Если не считать этих инцидентов, пребывание Альберта в Мельбурне прошло благополучно. Ему особенно понравился обед, данный ныне покойным Дж.-К. Моиром, известным австралийским коллекционером. На нем Альберт познакомился со многими видными художниками. Ему также доставила удовольствие встреча с членами совета по благосостоянию туземцев. Посетил он и живописные фруктовые сады вокруг Донкастера, в двенадцати милях от Мельбурна, катался по реке Ярра и ездил в горы Данденонг, где осмотрел известную галерею под открытым небом Уильяма Рикеттса — скульптора, посвятившего последние годы своей жизни аборигенам, отображению их быта и сказаний.

Во время посещения летней языковой школы Уиклиффа Альберт познакомился с мистером Уильфредом А. Дугласом из Калгурли (Западная Австралия), главой лингвистического отделения Объединения австралийских миссий.

«Перед самым приездом Альберта, — рассказывал У.-А. Дуглас, — я попросил у собравшихся разрешения обратиться к нему на языке Западной пустыни. Когда меня знакомили с Альбертом, я спросил у него: «Ньюнтулу уангка нинти?» («Понимаете ли вы этот язык?»). На что он незамедлительно ответил: «Увама» («Еще бы»). Затем Альберт объяснил мне, что он женат на женщине «пустыни» и поэтому свободно говорит на ее языке. По окончании официальной части встречи мы с Альбертом занялись сравнением слов в языках аранда и питжантжара. Я называл слова на питжантжара, а он давал мне эквивалент на арандском. Ему, вероятно, очень нравилось это занятие; во всем чувствовалась его подлинная любовь к родному языку и культуре».

Где бы ни появлялся Альберт, мельбурнцы старались всячески помочь ему, сделать для него что-нибудь приятное. Был, например, такой случай: когда Альберт со спутниками прибыл к мемориальному памятнику, там не оказалось места, где можно было бы поставить машины. Свободной была только запретная зона. Полисмен на посту, увидев в одной из машин аборигена, подошел и спросил у шофера: «Не Наматжира ли это?» Шофер утвердительно кивнул головой. «О, я большой поклонник Альберта Наматжиры, поставьте машину здесь!» — воскликнул полицейский, указывая на запретную зону.

В Мельбурне Альберт приобрел много новых друзей и завоевал сердца всех мельбурнцев, которым довелось познакомиться с ним.

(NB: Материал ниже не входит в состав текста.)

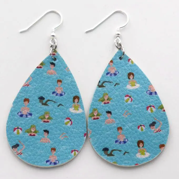 Двухсторонняя искусственная кожа серьги 5,5*3,5 см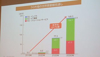 JEITA(電子情報技術産業協会)は12月18日、都内で記者会見を開き、2030年の5Gの世界需要額が168.3兆円になるとの見通しを発表した。内訳は、「データ利活用による5Gのソリューションサービス」が61.5兆円、「IoT機器」が104.1兆円、「インフラ」が2.8兆円とする。18年から30年まで年平均63.7%増で急成長するとの見方を示した。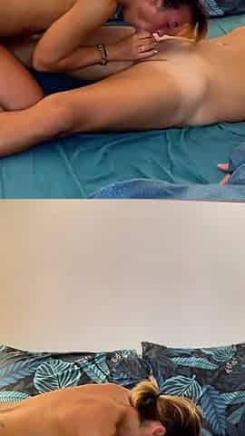 Mon mec me surprend pendant que je me doigte, me baise comme une chienne et m'asperge de sperme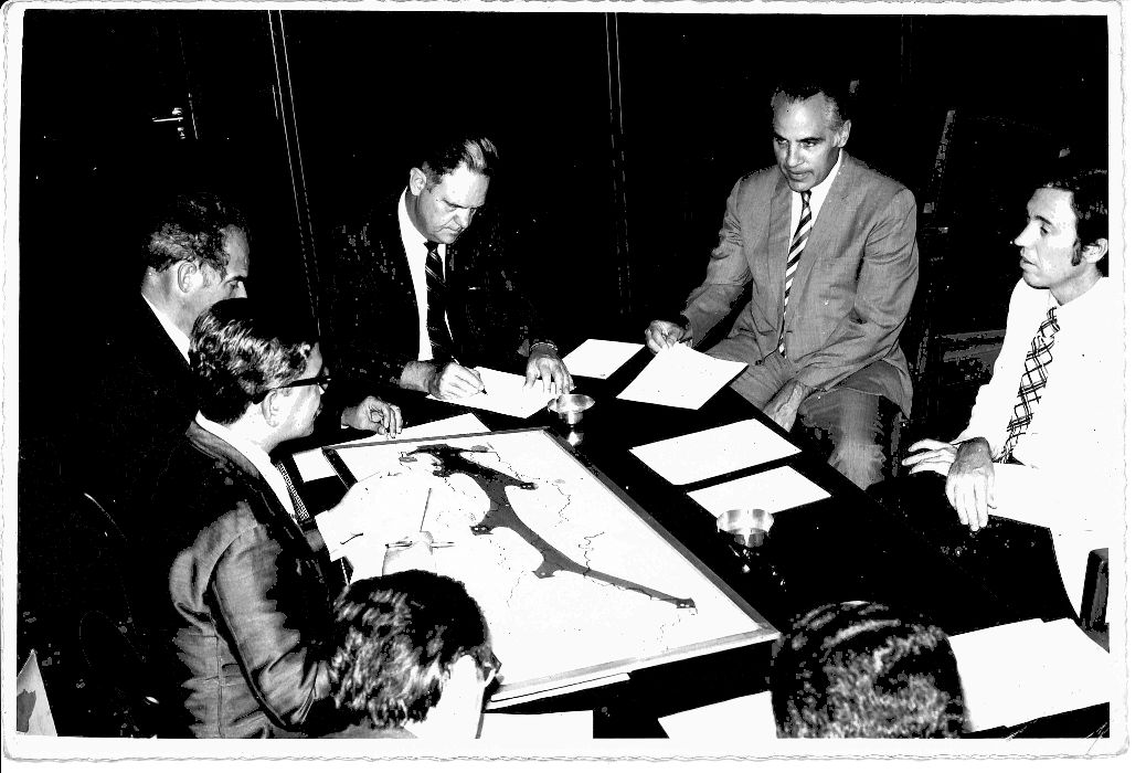 Fotografia que captou a continuação da reunião registrada também na fotografia 14, vendo-se o reitor Adierson diante dos professores Júlio Fernandes do Curso de Medicina Veterinária e do professor Evaldo Cisne Azevedo do Curso de Química, bem como de mais 04 autoridades em torno de uma mesa, sobre a qual encontram-se o mapa de Pernambuco com o gráfico do Projeto da Interiorização da UFRPE para Garanhuns e outros documentos. Nela, o fotografo conseguiu captar o instante exato da realidade em que houve o movimento de mãos da autoridade sentada à cabeceira da mesa que cruzou o braço esquerdo sobre o direito enquanto escrevia, bem como captou a mudança dos olhares e das posturas dos presentes. Durante a entrevista para contextualização, o ex-reitor Adierson, não conseguiu lembrar os nomes dessas autoridades. FONTES DE PESQUISA: Entrevista concedida às bibliotecárias Conceição Martins e Vania Ferreira para atender aos objetivos do Repositório Institucional, projeto “(Re) Memórias da UFRPE”, para a contextualização das imagens do acervo fotográfico do reitorado do Prof. Dr. Adierson Erasmo de Azevedo, no período de dezembro de 1969 a agosto de 1973. Acervo localizado no Núcleo do Conhecimento Professor João Baptista Oliveira dos Santos , da Biblioteca Central da UFRPE. Entrevista realizada no dia 13 de abril de 2016, no Espaço Santander da Biblioteca Central da UFRPE. Duração de 2h40min com transcrição e pesquisa complementar da bibliotecária Conceição Martins. AZEVEDO, Adierson Erasmo de. A “Caminhada seguindo o Sol” da Universidade Federal Rural de Pernambuco. Recife: Editora UFRPE, 2007.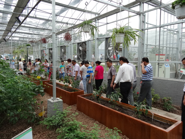 在位于岗石村的农业科普示范基地,游人如织,菜蔬满园,繁花似锦。基地负责人、市农科院副经理唐卫东、科技人员汪军等向大家介绍了基地成立9个月以来的快速发展过程,特别向大家介绍了现代化的生产流程,介绍了现代信息技术和农业生产的初步结合。博士团成员在现场和农科院专家就“智慧农业”建设,就校地合作,产研结合进行了初步探讨,并约定时间再商合作事宜。
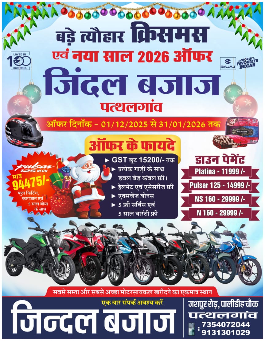दिसंबर में दुपहिया खरीदने का सुनहरा मौका – जिंदल बजाज पत्थलगांव दे रहा है धमाकेदार ऑफर्स
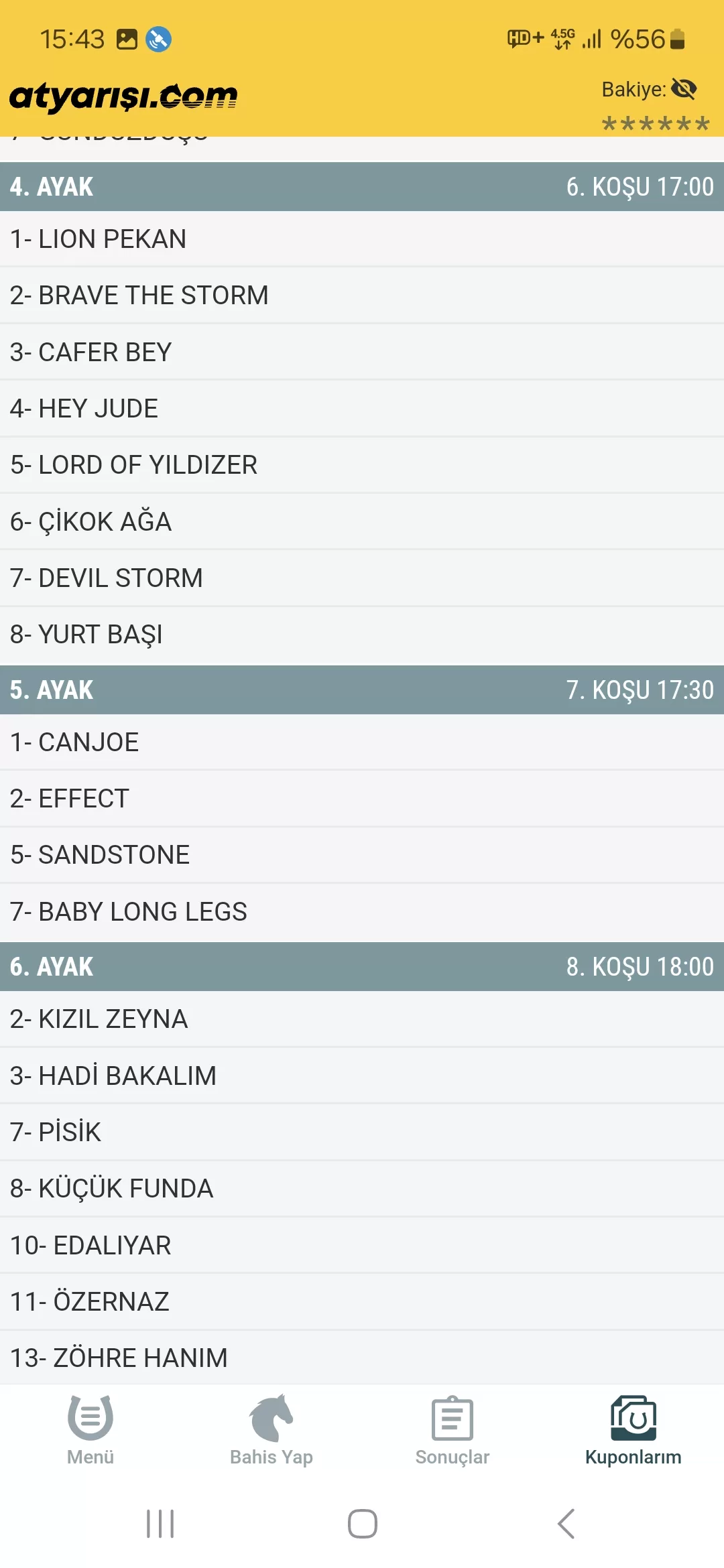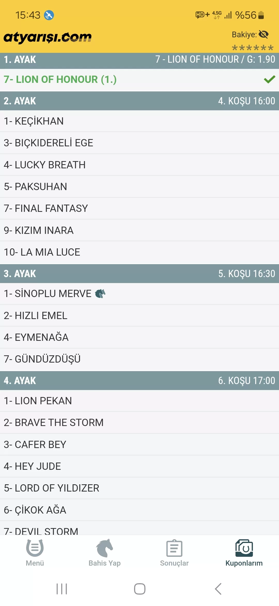5.AYAK: 4 LION BRUSK, İstanbul’daki uzun koşusu bu gruba yeter bence. 6 STORM CRY Sadettin ile boşa koşmaz. Kurtel atı bu sebeple biniyor muhtemelen, bu koşu izleyeceğim. 4 bankom.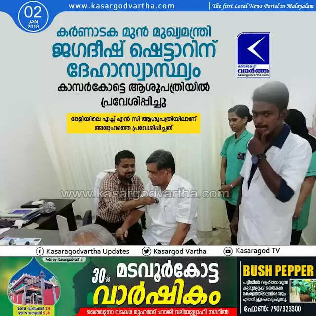 Keywords:  Kasaragod, Kerala, news, Top-Headlines, hospital, Deli, Karnataka Ex chief minister Jagadish Shettar hospitalized in Kasaragod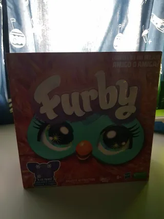 Furby interactivo de color naranja vibrante con detalles turquesa. Sus ojos grandes y expresivos le dan un aspecto tierno. - Pelaje suave y esponjoso. - Orejas grandes y detalladas. - Cresta de pelo turquesa. - Pequeño pico naranja.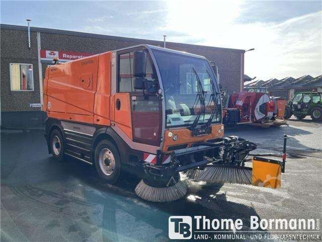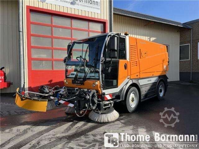 Operating hours: 1995, First registered: March 6, 2023_____Basic equipment CityCat 5006 Driver's cab: Comfortable, soundproofed cab with hydraulic bearings. Windshield made of heat-insulating, curved, low-reflection safety glass. 2 sliding windows in each door. Multi-stage heating fan. Sun visor. Windshield wiper with washer. Air-suspended driver's seat and passenger seat, both individually adjustable. Angle and height-adjustable steering column. Clearly arranged operating and monitoring instruments with a 7" color display. Visual and acoustic warning system for temperature and fluid level monitoring. Visual diagnostic system with intuitive design. Steering: Hydrostatic four-wheel steering with hydraulic servo assistance. Axles: Rear axle as steering drive axle with differential. Front axle with coil springs and shock absorbers. Hydraulics: The latest electronic control concept enables consumption- and noise-optimized control of the diesel engine for a hydrostatic drive across the entire speed range, without any loss of performance. Brakes: Hydraulic dual-circuit braking system with hydraulic servo support. Disc brakes front and rear. Hydraulic spring-loaded handbrake on the rear axle. 4 brake calipers at the front and 2 at the rear. Sweeping material pickup: Suction pickup principle, with a drawn, stainless-steel suction nozzle in front of the axle, hydraulically movable laterally by 400 mm together with the side brush. Continuously adjustable high-performance suction fan. Sweeping hopper: Container volume 5.6 m³, hydraulically tiltable and closable. Dumping height 930 mm. Dumping height (high tip) 1550 mm (optional). Dumping width 1700 mm. Dumping angle 51°. Water system: Water tank approx. 880 l. One water pump for water nozzles. Sweeping brush: 2 sweeping brushes left and right, Ø 900 mm. Speed adjustment continuously 0-150 rpm with collision protection. Special equipment: - Standard color RAL 2011 orange - Hydraulic suction pipe flap - Leaf grid lifting device for raising and lowering the leaf grid in the KGB using a hydraulic hand pump - Easyclean, quick cleaning system for cleaning the KGB side walls, blower, recuperation and leaf grid - 3rd front brush in reinforced design with linear displacement, tilt adjustment in both directions Directions, contact pressure regulation, greater range, larger sweeping area - Leaf suction hose mounted on the side, length 3.5 m, ø 160 mm, can be mounted on both sides - Fully integrated air conditioning, CFC-free - Wide-angle mirror and main mirror, heated and electrically adjustable - Additional side brush mirror on the right - Rear view camera and suction mouth camera - Cruise control improves working ergonomics, increases performance - Deluxe ISRI driver's seat with headrest, weight adjustment via control valve. - Rotating LED beacon on the cabin. With elastic bracket mounted on the cabin, can be folded down when obstacles are encountered - Rotating LED beacon on the rear of the KGB. With elastic bracket, can be folded down when obstacles are encountered - Work lights, left & right brushes, LED headlights for suction mouth, LED - Joystick exchange for the front side brush allows the joysticks for the front side brush to be exchanged - Water connection with spray nozzle
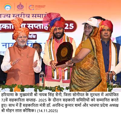Chandigarh, November 14 – Haryana Chief Minister Sh Nayab Singh Saini inaugurated the 72nd State-Level Cooperative Week in Sonipat on Friday. Addressing the gathering, he said that the soul of India resides in its villages and that the path to progress lies through cooperation. He said that this year is being celebrated as the Year of Cooperatives, and the event will play a key role in achieving the vision of prosperity through cooperation and self-reliance. The Chief Minister urged the youth to shed traditional mindsets, form cooperatives, and transform them into global brands through the power of Digital India.
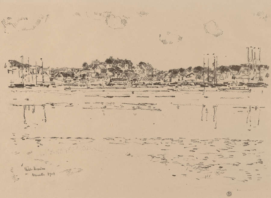 Original--Recto:monogrammed in pencil below image on right:CH (in circle); In pencil in LL:Inner Harbor; In green pencil in LL corner:168 (in circle)In Plate--In LL corner:Childe Hassam/Gloucester 1918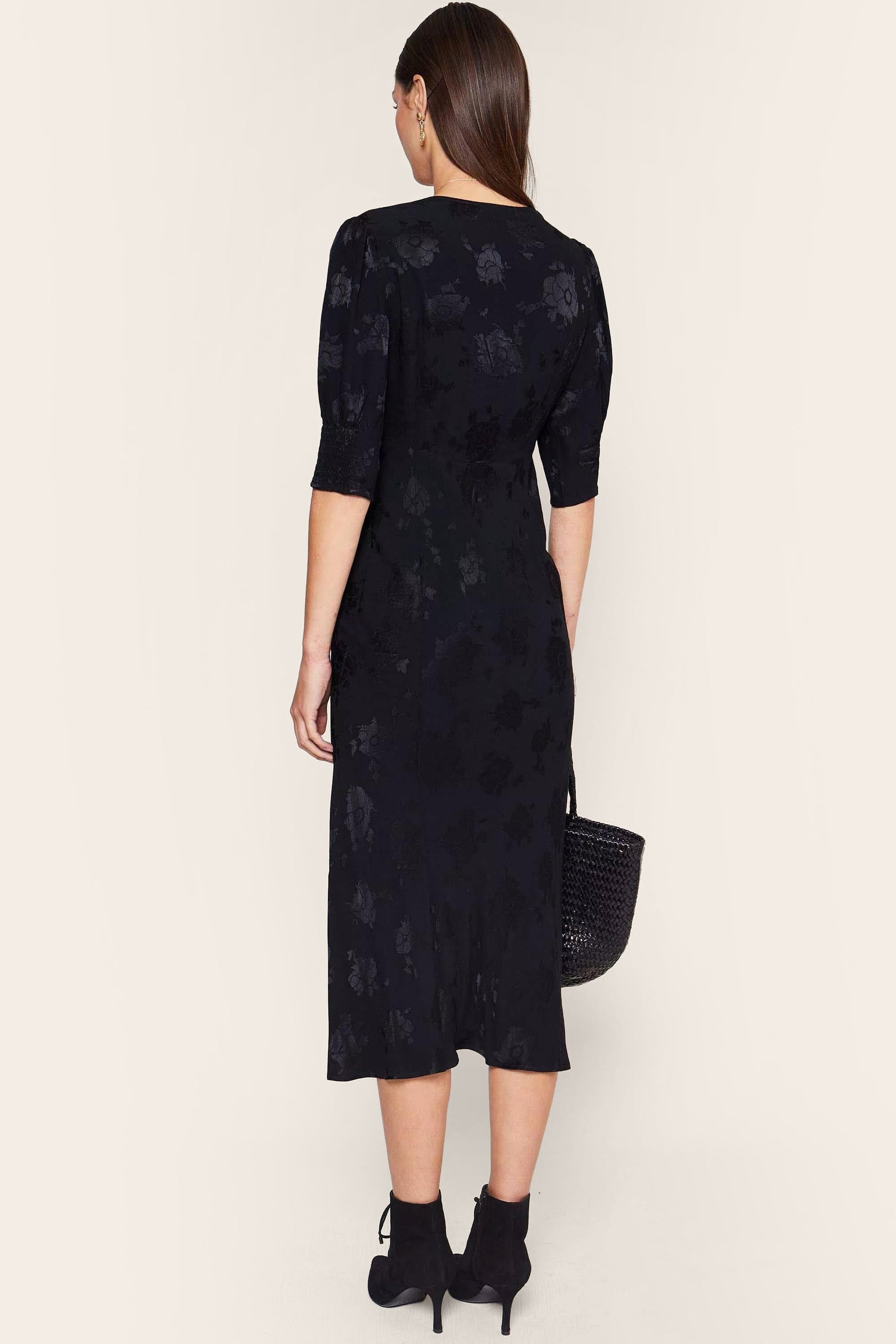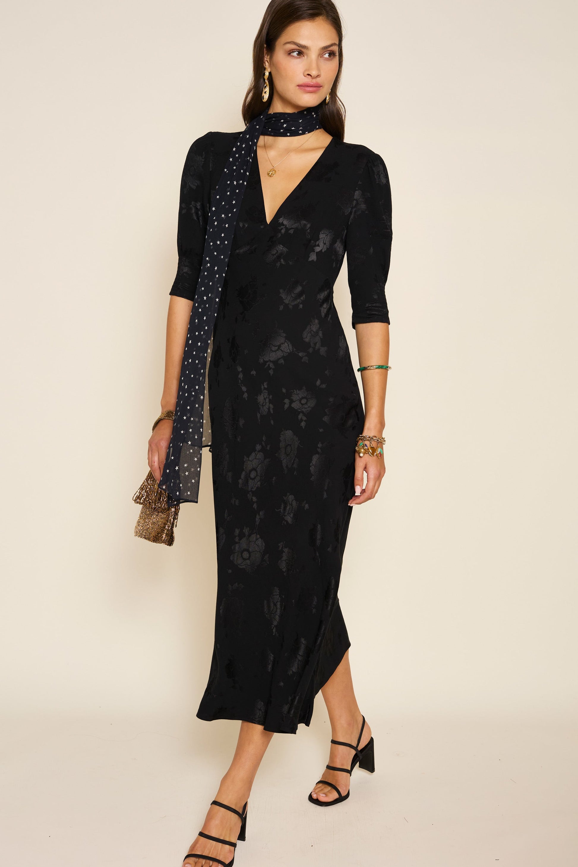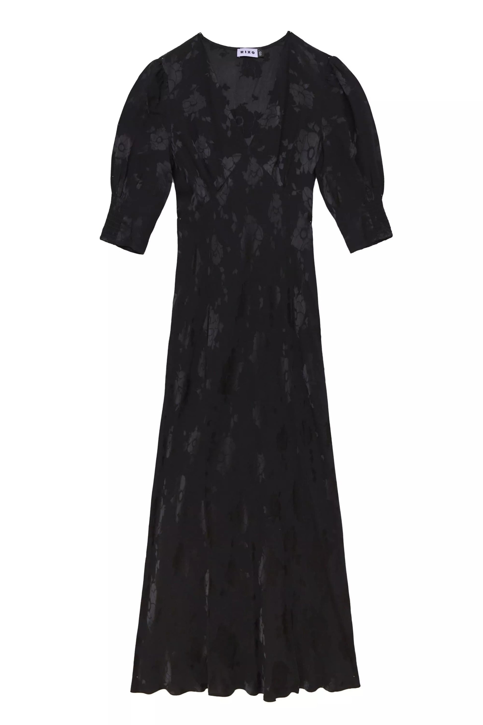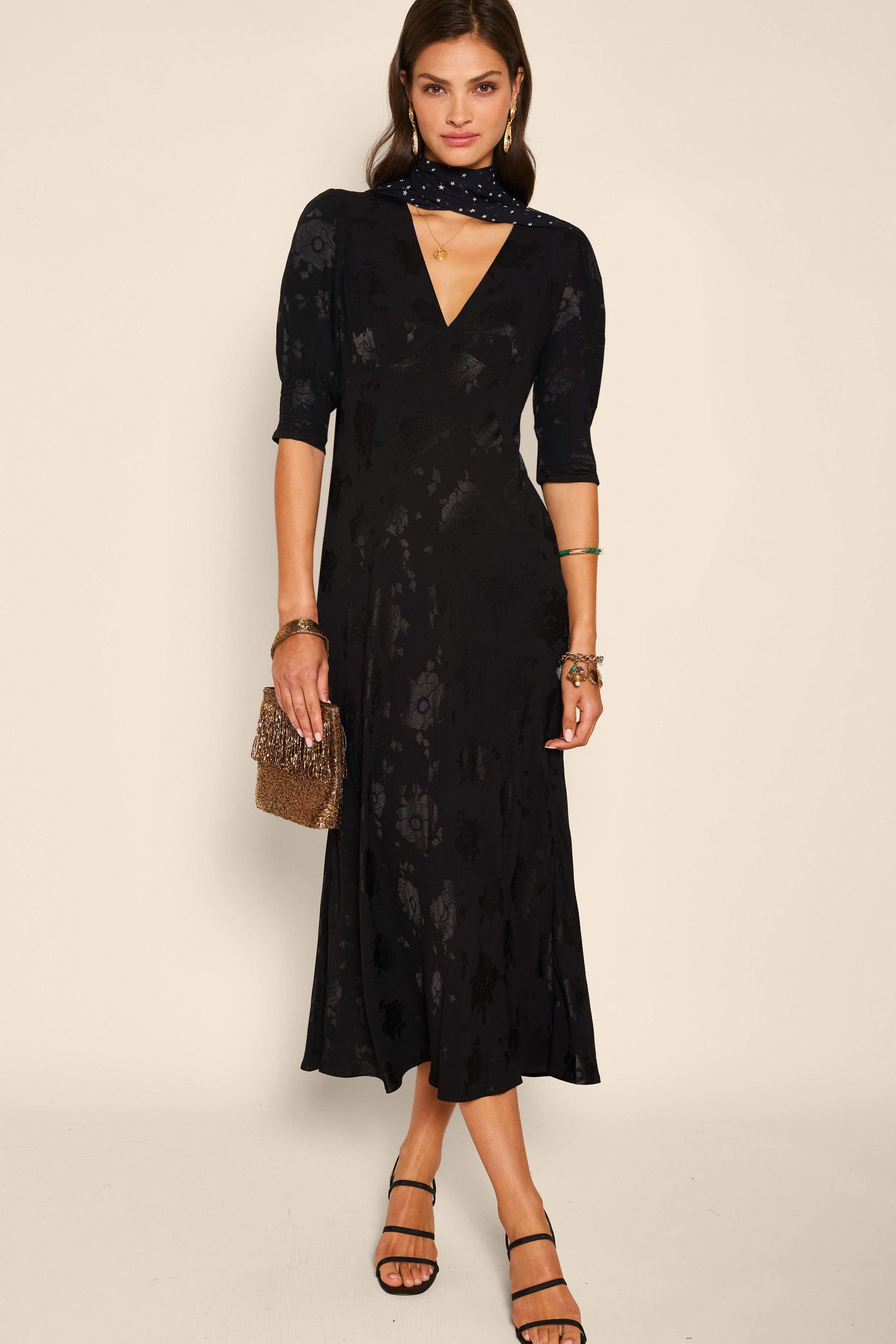 The Zadie is an iconic RIXO dress, and this poppy satin jacquard makes her the most desirable black midi you'll find.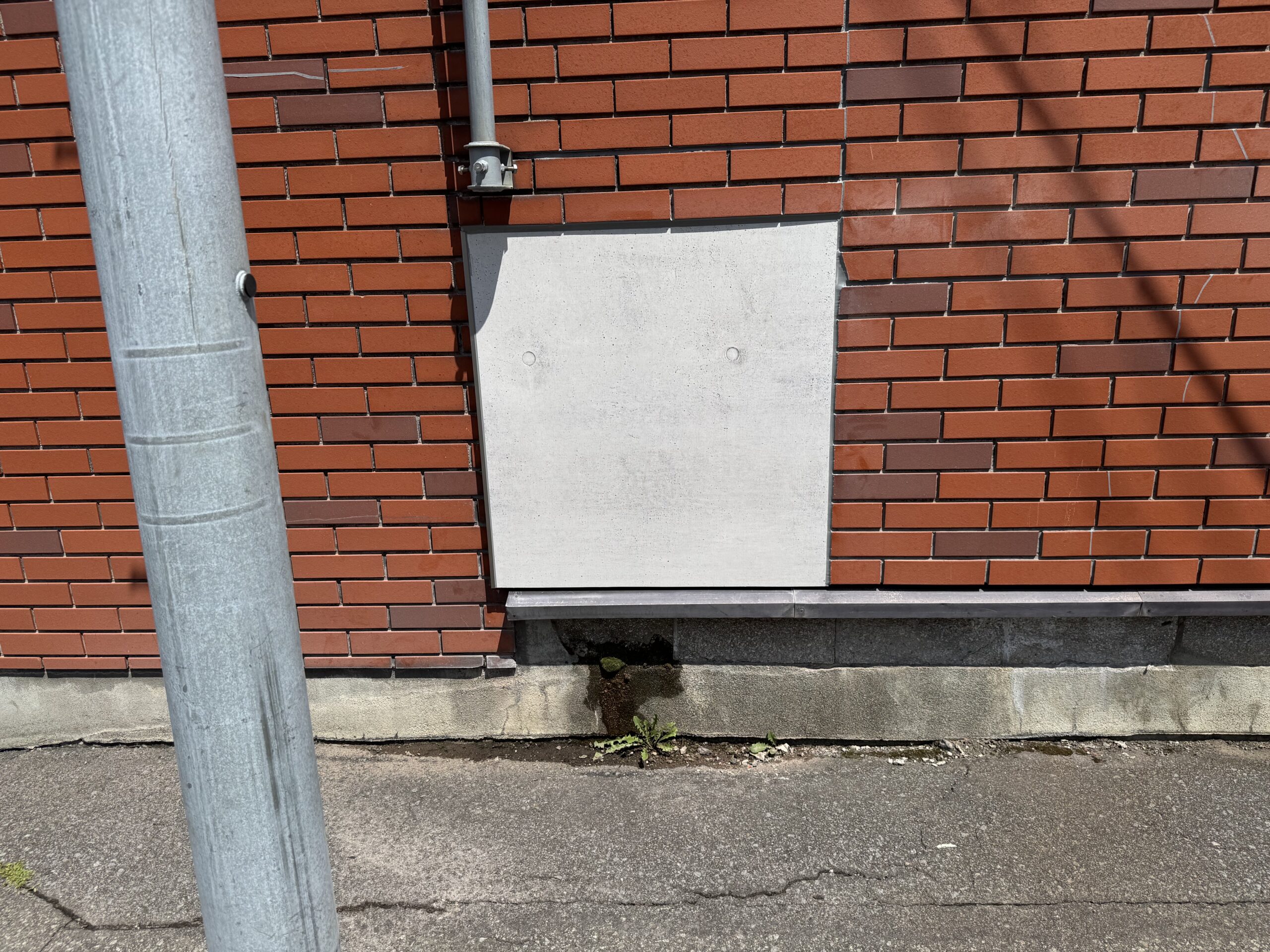 はがれて落ちてしまったタイル部分はアルミの複合版でふさぎました。

Пастор Шерер вспоминал: «Альберт повсюду держал себя просто великолепно и снискал к себе огромное уважение. Многие приглашали его к себе, но из-за того, что все время Альберта было заранее расписано, приходилось отказывать. Он получил множество подарков, среди которых были палатка, большой флаг, книги, посуда, краски, одежда, фотографии и др. Я считаю, что многие новые знакомства и впечатления пойдут Альберту на пользу».

В Аделаиду Альберт прибыл поездом 4 марта. Его встретил пастор М. Лое, глава объединенной евангелической церкви Австралии, и Чарлз Дьюгид, председатель Лиги сторонников прогресса аборигенов.

В Аделаиде было только две официальные встречи: одну устраивала Лига сторонников прогресса аборигенов, другую — Королевское общество изящных искусств Южной Австралии. Королевское общество, проявив особую внимательность к Альберту, устроило «сухой» прием, поскольку художнику-арандцу, как туземцу, запрещалось употребление алкогольных напитков.

Частные встречи включали визит Альберта к супругам Ройтер в долине Баросса. Там у Альберта произошла встреча с детьми местной школы; он отвечал на вопросы учеников, а затем, к великой радости детворы, нарисовал для них на классной доске эму и кенгуру.

По словам пастора Ройтера, Альберт выглядел после своего путешествия очень усталым. «Мне кажется, — рассказывал он, — что Альберт нашел свою первую поездку по столицам штатов интересной. Правда, у меня и у моей супруги создалось впечатление, что ему изрядно надоели толпы любопытных, неотступно следовавших за ним. Он не жаловался, но говорил, что скучает по жене и семье и мечтает о возвращении домой, в Центральную Австралию. Как-то утром, когда Альберт в молчании прогуливался по нашему большому цветнику и рассматривал цветы, я спросил его, нравятся ли ему фруктовые сады и виноградники долины Барроса. «Очень», — сказал он в ответ, но мне почему-то показалось, что думал он в этот момент о другом, о своем прекрасном крае с его величественными горными пейзажами, и мечтал возвратиться туда. Перед отъездом Альберт попросил у меня в долг двадцать фунтов. Ему хотелось самому купить подарки жене и детям.

Вскоре долг был возвращен. Время, что Альберт пробыл у нас, он вел себя как истый джентльмен: его манеры были безукоризненны».

Накануне отъезда обратно в Аделаиду Альберт изъявил желание навестить своих старых друзей супругов Хейнрих, чьим проводником он был во время памятного путешествия в Хермансбург в 1924 году — путешествия, которое миссис Хейнрих всегда называла самым необычным свадебным путешествием, когда-либо предпринимавшимся невестой.

Беседа со старыми друзьями была долгой, и Альберт откровенно поделился всеми своими неприятностями последних лет. На вопрос о том, доволен ли он своим успехом и растущими доходами, он задумался на миг и ответил: «Я был счастливее до того, как стал богатым, деньги — это еще далеко не все». И пояснил, что за деньги он не может купить то, что ему больше всего хотелось бы приобрести, — собственный дом в Алис-Спрингсе. О своей встрече с королевой он лишь заметил: «Это славная, милая квара квака (маленькая девочка)». Прощаясь со своими друзьями, он откровенно признался, что у него нет больше желания посещать столицы: они слишком шумны и многолюдны.

Одним из самых счастливых для Альберта событий в Аделаиде было посещение им Аделаидской национальной художественной галереи, директор которой Роберт Кэмпбелл показал ему акварели, купленные еще на его первой аделаидской выставке в 1939 году. Альберт сказал, что Мельбурн и Сидней пока что не имеют его работ, но, как ему кажется, Сидней вскоре купит одну, так как директор галереи просил прислать ему несколько акварелей для отбора.

Альберт возвратился в Алис-Спрингс поездом в сопровождении двух попутчиков из Хермансбургской миссии. Весь долгий тысячемильный путь он, не переставая, думал о встрече с семьей и по приезде направился прямо домой, где был с радостью встречен женой и, само собой разумеется, многочисленными родственниками, сгоравшими от нетерпения узнать, какие подарки привез им Альберт из больших городов, которых они никогда не видели.